## AIM OF THE TASK
Would you please write out only the lines running from the top of the listing through the one holding "El alojamiento está", exactly, with both ends kept and pictures left out?

━━ EXERCISE INPUT

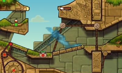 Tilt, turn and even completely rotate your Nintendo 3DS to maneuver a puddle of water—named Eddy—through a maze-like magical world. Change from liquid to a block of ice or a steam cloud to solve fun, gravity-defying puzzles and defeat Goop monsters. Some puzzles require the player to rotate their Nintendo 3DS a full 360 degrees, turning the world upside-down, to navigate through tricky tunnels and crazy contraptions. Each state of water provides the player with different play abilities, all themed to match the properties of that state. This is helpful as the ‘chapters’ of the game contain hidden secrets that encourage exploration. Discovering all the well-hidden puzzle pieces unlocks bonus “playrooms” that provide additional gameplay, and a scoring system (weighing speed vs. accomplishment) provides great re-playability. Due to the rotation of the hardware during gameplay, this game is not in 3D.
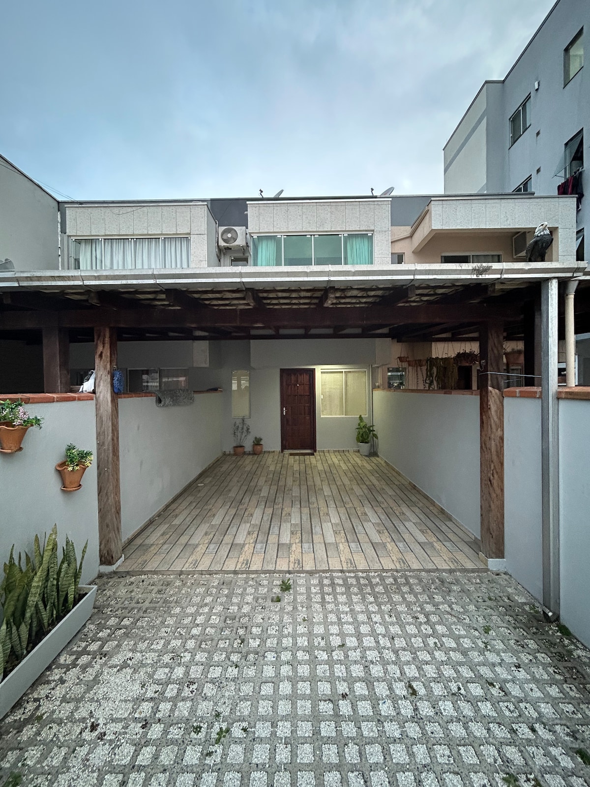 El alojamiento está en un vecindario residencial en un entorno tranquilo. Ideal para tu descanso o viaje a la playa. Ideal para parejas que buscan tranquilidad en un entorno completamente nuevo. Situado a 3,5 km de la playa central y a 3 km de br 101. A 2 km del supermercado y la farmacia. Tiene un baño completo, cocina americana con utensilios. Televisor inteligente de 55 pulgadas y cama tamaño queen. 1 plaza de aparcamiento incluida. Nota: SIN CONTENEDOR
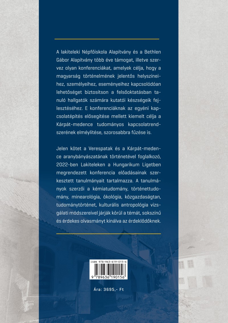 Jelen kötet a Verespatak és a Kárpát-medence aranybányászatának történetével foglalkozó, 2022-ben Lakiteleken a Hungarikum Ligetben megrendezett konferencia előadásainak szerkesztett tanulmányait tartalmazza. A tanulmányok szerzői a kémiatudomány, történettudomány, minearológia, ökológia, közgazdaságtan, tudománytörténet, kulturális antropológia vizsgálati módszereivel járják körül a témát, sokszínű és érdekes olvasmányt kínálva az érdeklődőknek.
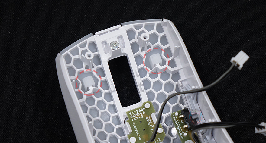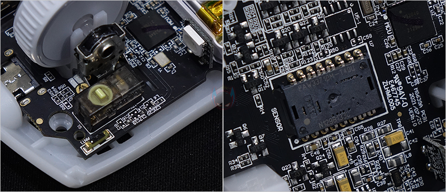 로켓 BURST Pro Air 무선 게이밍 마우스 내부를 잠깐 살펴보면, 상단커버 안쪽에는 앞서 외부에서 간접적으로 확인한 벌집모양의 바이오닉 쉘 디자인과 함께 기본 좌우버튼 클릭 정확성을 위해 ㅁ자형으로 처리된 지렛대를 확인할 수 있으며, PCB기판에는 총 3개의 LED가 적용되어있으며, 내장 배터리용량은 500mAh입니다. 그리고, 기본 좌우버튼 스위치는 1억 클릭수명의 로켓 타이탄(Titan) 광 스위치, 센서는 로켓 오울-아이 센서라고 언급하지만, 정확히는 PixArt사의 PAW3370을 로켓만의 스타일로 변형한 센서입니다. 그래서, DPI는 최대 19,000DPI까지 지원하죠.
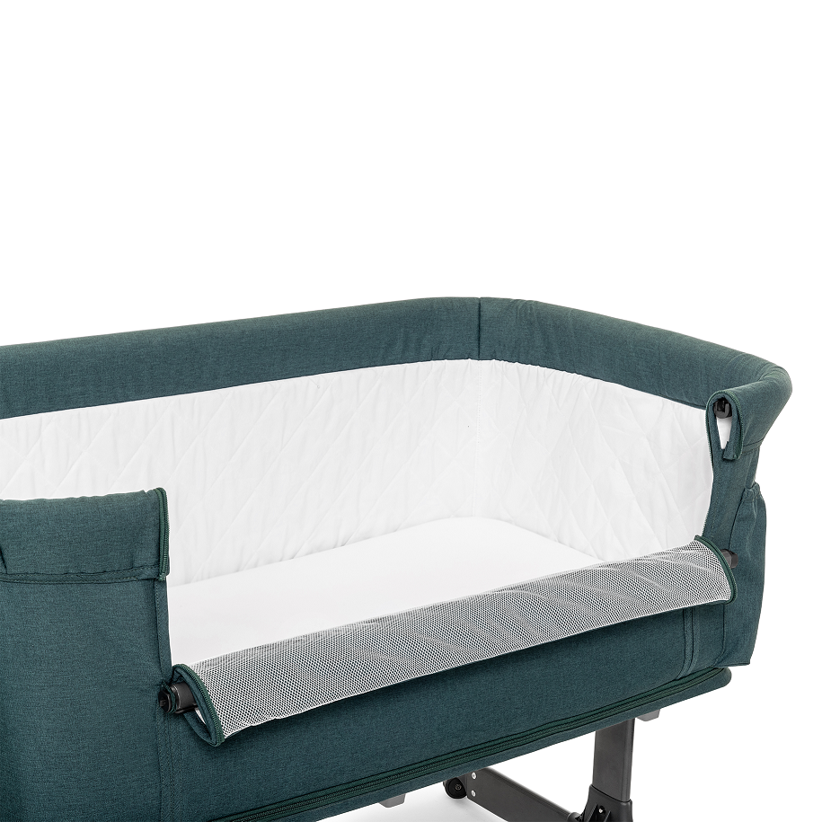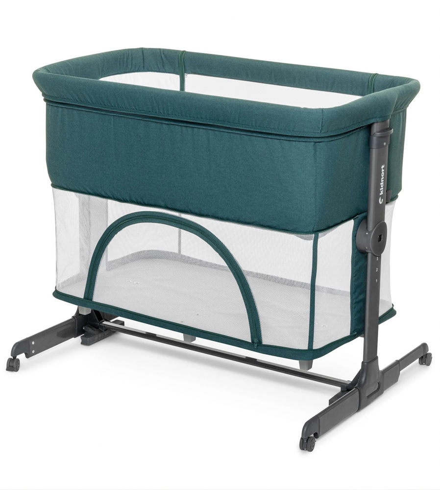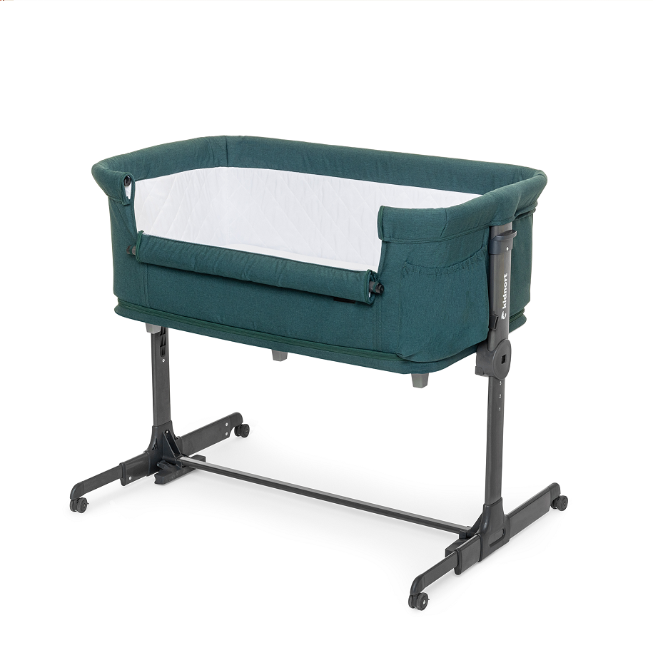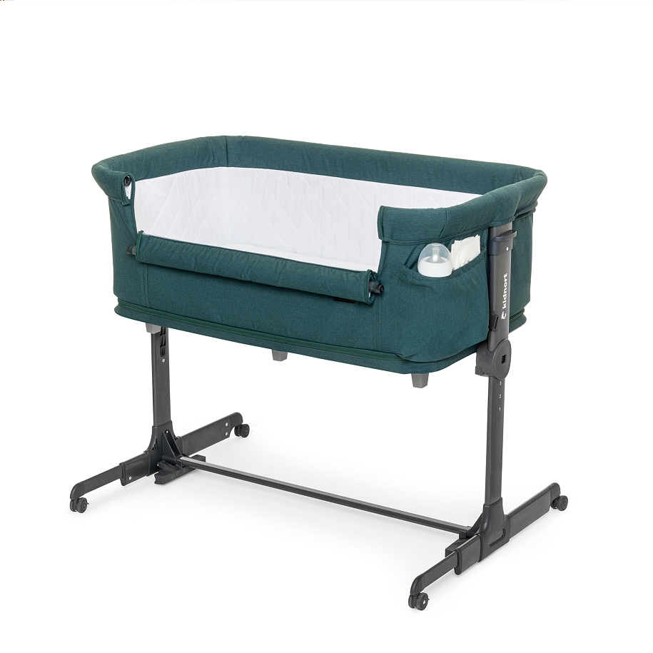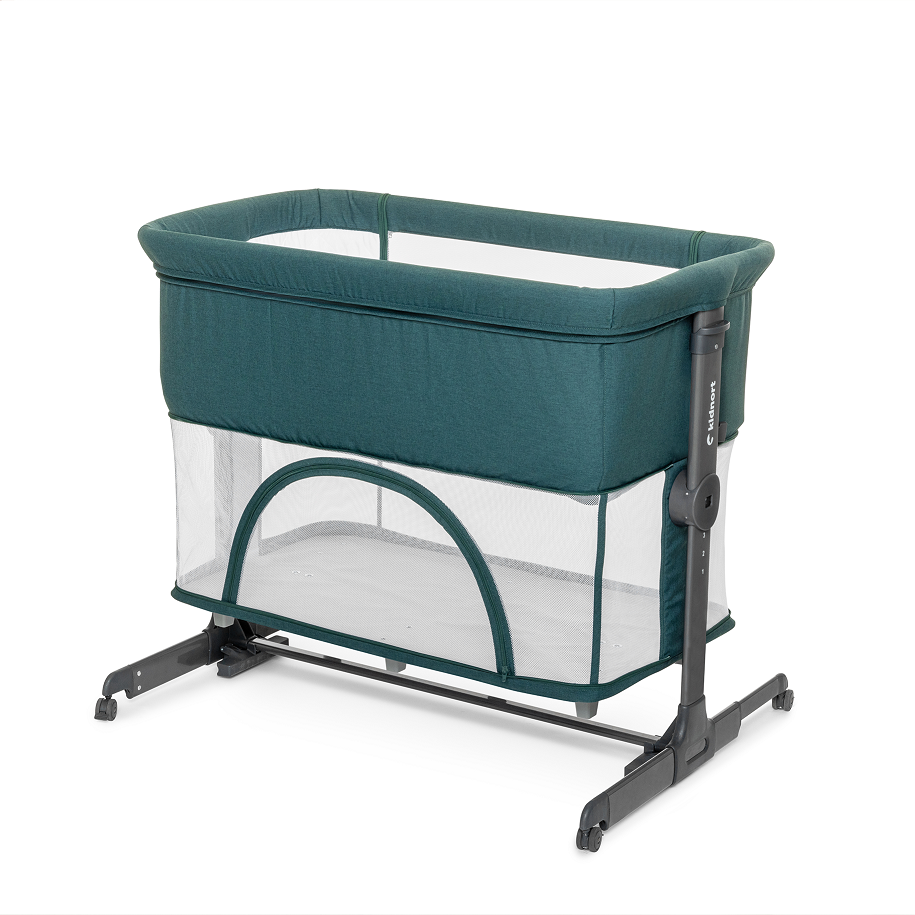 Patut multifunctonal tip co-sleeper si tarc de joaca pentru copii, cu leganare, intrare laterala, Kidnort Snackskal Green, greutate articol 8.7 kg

━━━━

## WRITTEN ANSWER
 Tilt, turn and even completely rotate your Nintendo 3DS to maneuver a puddle of water—named Eddy—through a maze-like magical world. Change from liquid to a block of ice or a steam cloud to solve fun, gravity-defying puzzles and defeat Goop monsters. Some puzzles require the player to rotate their Nintendo 3DS a full 360 degrees, turning the world upside-down, to navigate through tricky tunnels and crazy contraptions. Each state of water provides the player with different play abilities, all themed to match the properties of that state. This is helpful as the ‘chapters’ of the game contain hidden secrets that encourage exploration. Discovering all the well-hidden puzzle pieces unlocks bonus “playrooms” that provide additional gameplay, and a scoring system (weighing speed vs. accomplishment) provides great re-playability. Due to the rotation of the hardware during gameplay, this game is not in 3D.
 El alojamiento está en un vecindario residencial en un entorno tranquilo. Ideal para tu descanso o viaje a la playa. Ideal para parejas que buscan tranquilidad en un entorno completamente nuevo. Situado a 3,5 km de la playa central y a 3 km de br 101. A 2 km del supermercado y la farmacia. Tiene un baño completo, cocina americana con utensilios. Televisor inteligente de 55 pulgadas y cama tamaño queen. 1 plaza de aparcamiento incluida. Nota: SIN CONTENEDOR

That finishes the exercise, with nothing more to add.